-------- Records supplied --------

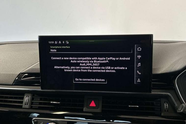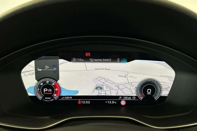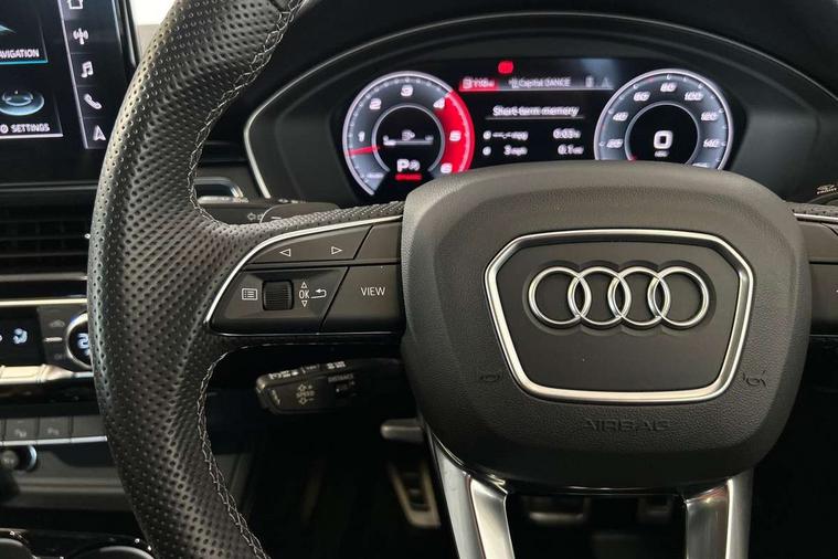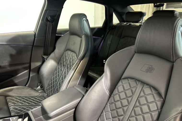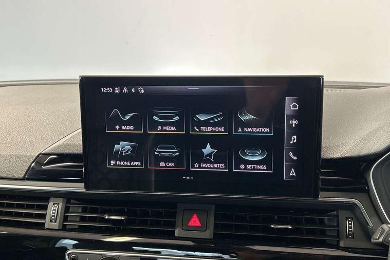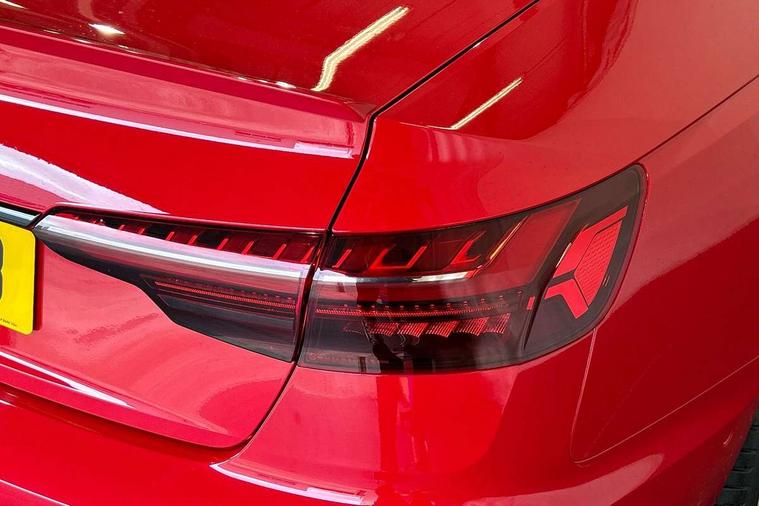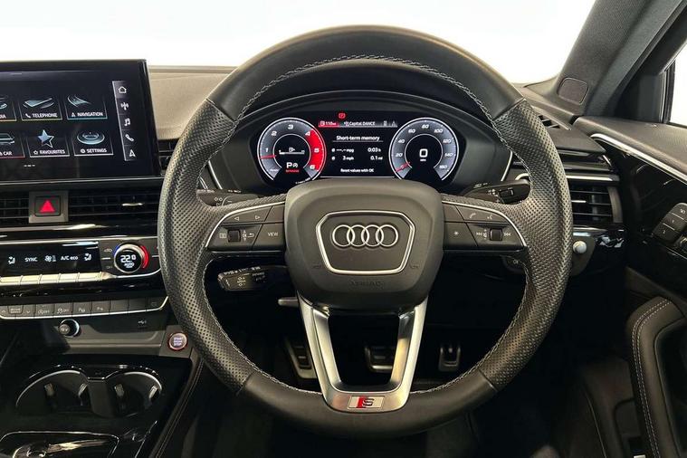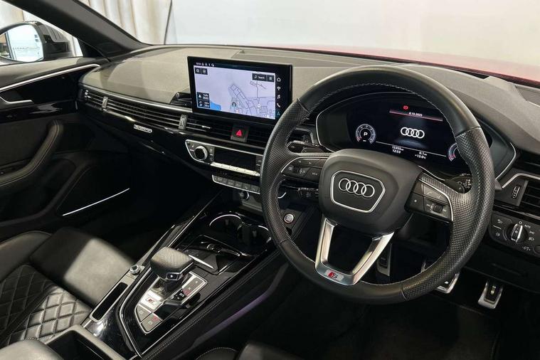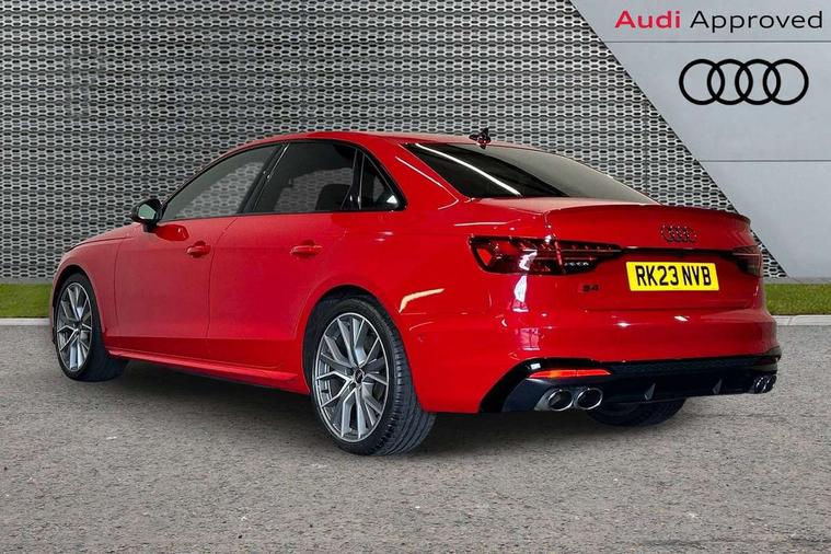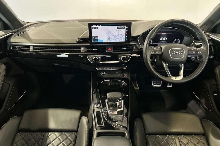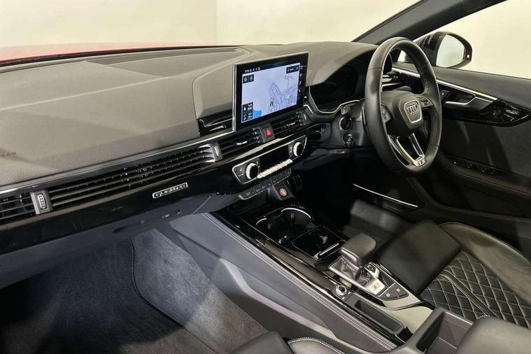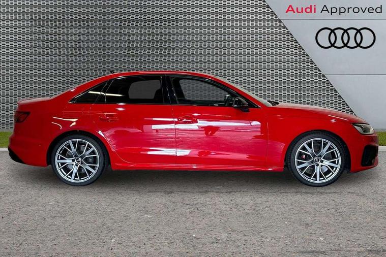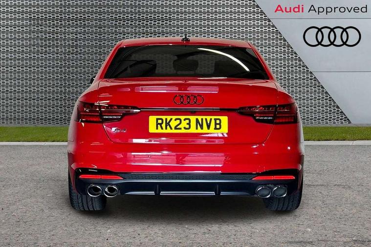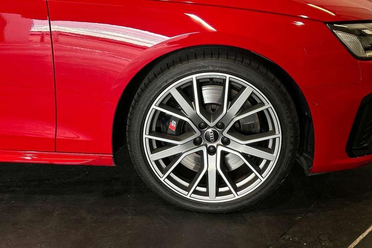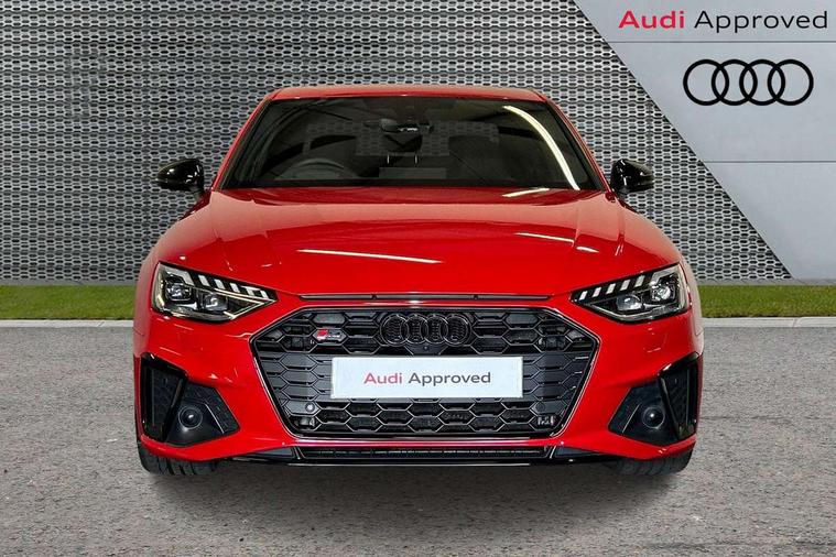 Audi connect safety and service (e-call), Audi connect with Amazon Alexa Integration, Audi drive select, Audi smartphone interface, Audi virtual cockpit, Automatic start-stop system with coasting functionality and efficiency programme, Bluetooth interface, Electric boot lid release, Electromechanical power steering, Email, calendar and text messages displayed via MMI, Head up Display, MMI Navigation plus with MMI touch includes 10.1" high resolution colour MMI display, 3D map, S instrument dials, Voice control system, 58 Litre fuel tank, Adaptive S sport suspension with damping control, Audi sports differential, 2 USB charging ports, DAB digital radio reception, Audi beam uses LEDs to project the audi logo in front and Vorsprung in rear, Audi matrix LED headlights with LED rear lights + dynamic front and rear indicators, Audi rings and model badging in black, Auto dimming rear view mirror, Auto dimming with folding door mirrors and memory function, Body colour door handles, Body colour front spoiler lip, Body colour side sill trim, Electric slide and tilt sunroof, Front and rear bumpers with side skirts, High beam assistant, High gloss black B pillar trims and triangular rear door trim, LED daytime running lights, LED third brake light, Privacy glass, Rain and light sensors, Rear boot, Rear side wing doors, S Line badges on the front wings, S rear diffuser in twilight grey matt and honeycomb grille in black, S specific dual branch chrome tailpipes with twin oval pipes on left and right, S specific side air inlets in black with chrome inlays in unique S design, S Style rear spoiler, Variable intermittent front wash/wipe, Windscreen with acoustic glazing, 3 spoke high multi-function sports leather steering wheel grips in perforated leather with S badging including paddle shift, 40/20/40 split folding 3 rear seat bench in 3 parts with rear centre armrest, Black cloth headlining, Black leather gear lever knob, Contrast stitching on seats, steering wheel and gear lever gaiter, Deluxe 3 zone electronic climate control, Door sill trims with aluminium inlay, Electrically adjustable front seats with memory function for driver's side, Fine nappa leather upholstery with S embossed logo + super sports seats, Front and rear head restraints, Front centre armrest, Gear lever with diamond S badge, Heated front and outer rear seats, Illuminated door sill trims with S logo, ISOFIX child seat mounting and top tether, Key with S logo, Pneumatically adjustable lumbar support with massage function, Single front passenger seat, Stainless steel pedals and foot rest, Black styling pack - A4 Saloon Sport Edition/S4 Black edition/S4 Vorsprung, City driver assistance pack - A4/S4, Comfort and sound pack - A4, Driver assistance pack - A4/S4, Extended leather pack - A4/S4, Parking assistance advanced pack - A4 Vorsprung, 3 rear seatbelts, 6 airbags - Driver, front passenger, curtain and side windows, Electronic Stabilisation Control (ESC) including ABS, ASR and EDL, Front brake calipers painted in black with S4 logo, Hill hold assist, Multi collision brake assist, Pop-up bonnet for pedestrian protection, Pre sense city, Rear door child safety locks, S model enhanced braking system, Seatbelt monitoring, Warning triangle and first aid kit, Anti theft alarm, Anti theft wheel bolts, Central locking, Keyless Go, 19" 5 V spoke star design alloy wheel in matt grey look, Tool kit, Tyre repair kit,
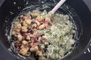 Prima recept, met vegaspekjes gemaakt want ik eet geen vlees. Advies is om dan de appelstukjes er meteen bij te doen, want de spekjes zijn zo snel klaar, dat de appel onvoldoende bruin gebakken was. Daardoor wel lekker knapperig gebleven.. 😉
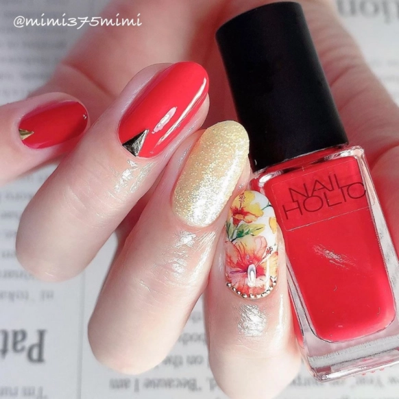 『NAIL HOLIC(ネイルホリック)』は、カラバリが豊富でその数はおよそ200種類!発色も良く、300円台というお手頃価格で購入できるのも魅力。思わずたくさん集めてしまうという方が続出しているようです。赤系カラーのラインナップも豊富で、鮮やかな発色が指先を華やかに彩ってくれますよ♡
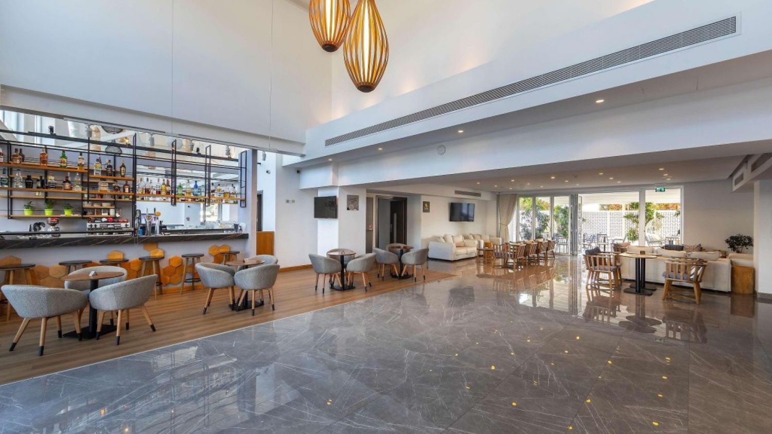 На територията на хотела: Външен басейн с шезлонги и чадъри и вътрешен басейн. Фитнес зала, сауна и нощен бар Revo, разположен на обширната тераса- солариум на покрива на хотела. Снек барът до басейна, Bloom, предлага напитки и междинни хранения през деня, а ресторант Lemoni ще Ви очарова с качеството на средиземноморската си кухня. Лаундж бар и суши ресторант, коферентна зала.
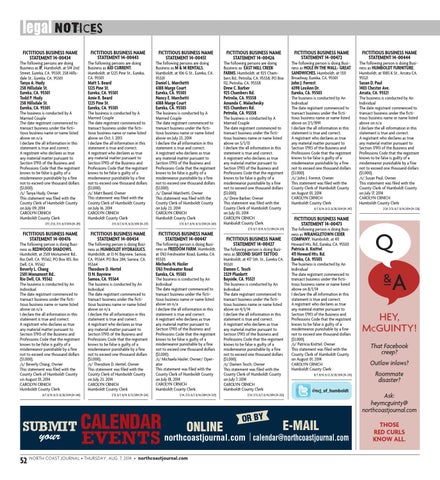 52 NORTH COAST JOURNAL • THURSDAY, AUG. 7, 2014 • northcoastjournal.com
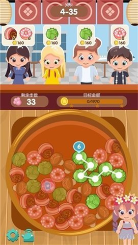 4、玩家需要不断满足进店顾客的美食需求,赚取更多的金钱,从而升级自己火锅店的道具,扩大火锅店的店面。

--------

- Task goal -
Pictures are skipped here. Print exactly, and only, the lines from the one holding "Prima recept, met" through the final line of the material above, both ends included.

- Solution -
 Prima recept, met vegaspekjes gemaakt want ik eet geen vlees. Advies is om dan de appelstukjes er meteen bij te doen, want de spekjes zijn zo snel klaar, dat de appel onvoldoende bruin gebakken was. Daardoor wel lekker knapperig gebleven.. 😉
 『NAIL HOLIC(ネイルホリック)』は、カラバリが豊富でその数はおよそ200種類!発色も良く、300円台というお手頃価格で購入できるのも魅力。思わずたくさん集めてしまうという方が続出しているようです。赤系カラーのラインナップも豊富で、鮮やかな発色が指先を華やかに彩ってくれますよ♡
 На територията на хотела: Външен басейн с шезлонги и чадъри и вътрешен басейн. Фитнес зала, сауна и нощен бар Revo, разположен на обширната тераса- солариум на покрива на хотела. Снек барът до басейна, Bloom, предлага напитки и междинни хранения през деня, а ресторант Lemoni ще Ви очарова с качеството на средиземноморската си кухня. Лаундж бар и суши ресторант, коферентна зала.
 52 NORTH COAST JOURNAL • THURSDAY, AUG. 7, 2014 • northcoastjournal.com
 4、玩家需要不断满足进店顾客的美食需求,赚取更多的金钱,从而升级自己火锅店的道具,扩大火锅店的店面。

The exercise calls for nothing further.